* [TASK REQUIREMENTS]: Starting at the line holding "得实打印机(江门)有限公司的" and finishing at the line holding "Мужские механические часы-скелетоны", transcribe the material exactly, keeping both ends but no pictures.

* [DATA]:
------------

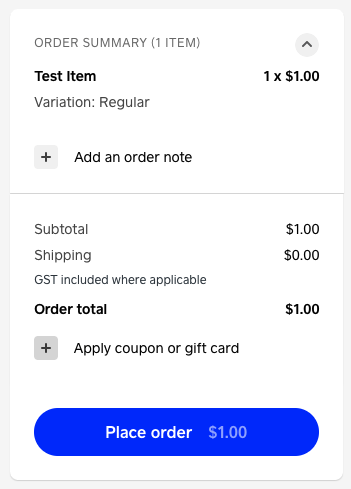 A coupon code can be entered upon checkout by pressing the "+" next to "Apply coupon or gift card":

------------

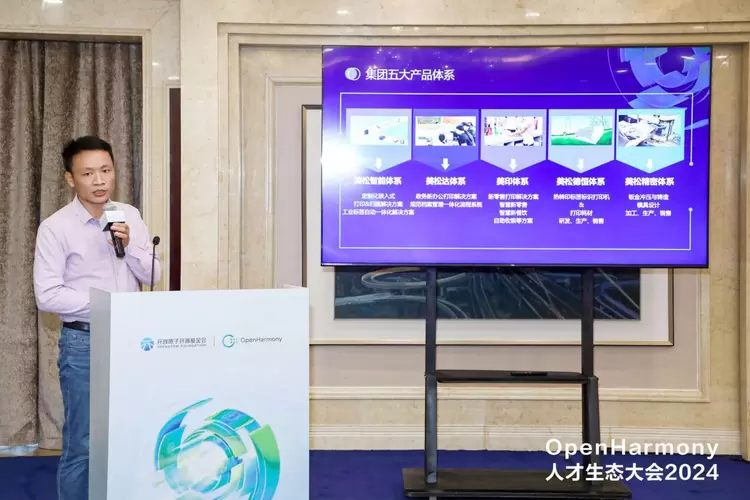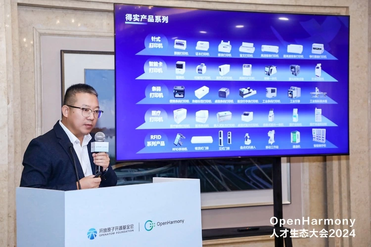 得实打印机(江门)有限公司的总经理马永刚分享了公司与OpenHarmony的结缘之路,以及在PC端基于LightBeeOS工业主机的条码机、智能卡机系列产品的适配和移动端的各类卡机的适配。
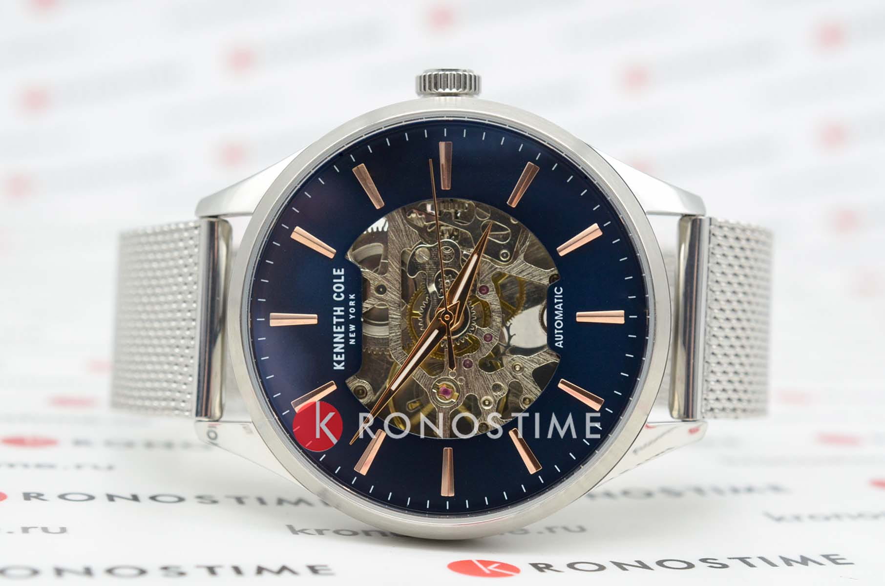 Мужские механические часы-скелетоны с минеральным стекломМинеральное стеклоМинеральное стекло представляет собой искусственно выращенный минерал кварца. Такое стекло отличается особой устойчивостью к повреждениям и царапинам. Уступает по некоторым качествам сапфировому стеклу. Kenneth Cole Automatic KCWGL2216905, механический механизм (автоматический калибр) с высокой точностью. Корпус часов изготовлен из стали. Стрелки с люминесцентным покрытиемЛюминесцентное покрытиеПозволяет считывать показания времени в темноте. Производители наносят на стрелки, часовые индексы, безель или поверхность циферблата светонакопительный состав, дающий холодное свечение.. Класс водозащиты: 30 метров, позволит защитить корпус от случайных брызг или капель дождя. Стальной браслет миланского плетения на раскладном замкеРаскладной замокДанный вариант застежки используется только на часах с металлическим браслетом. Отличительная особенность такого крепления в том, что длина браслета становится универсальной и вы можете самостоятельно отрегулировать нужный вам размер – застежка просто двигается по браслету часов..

------------

* [EXERCISE OUTPUT]:
 得实打印机(江门)有限公司的总经理马永刚分享了公司与OpenHarmony的结缘之路,以及在PC端基于LightBeeOS工业主机的条码机、智能卡机系列产品的适配和移动端的各类卡机的适配。
 Мужские механические часы-скелетоны с минеральным стекломМинеральное стеклоМинеральное стекло представляет собой искусственно выращенный минерал кварца. Такое стекло отличается особой устойчивостью к повреждениям и царапинам. Уступает по некоторым качествам сапфировому стеклу. Kenneth Cole Automatic KCWGL2216905, механический механизм (автоматический калибр) с высокой точностью. Корпус часов изготовлен из стали. Стрелки с люминесцентным покрытиемЛюминесцентное покрытиеПозволяет считывать показания времени в темноте. Производители наносят на стрелки, часовые индексы, безель или поверхность циферблата светонакопительный состав, дающий холодное свечение.. Класс водозащиты: 30 метров, позволит защитить корпус от случайных брызг или капель дождя. Стальной браслет миланского плетения на раскладном замкеРаскладной замокДанный вариант застежки используется только на часах с металлическим браслетом. Отличительная особенность такого крепления в том, что длина браслета становится универсальной и вы можете самостоятельно отрегулировать нужный вам размер – застежка просто двигается по браслету часов..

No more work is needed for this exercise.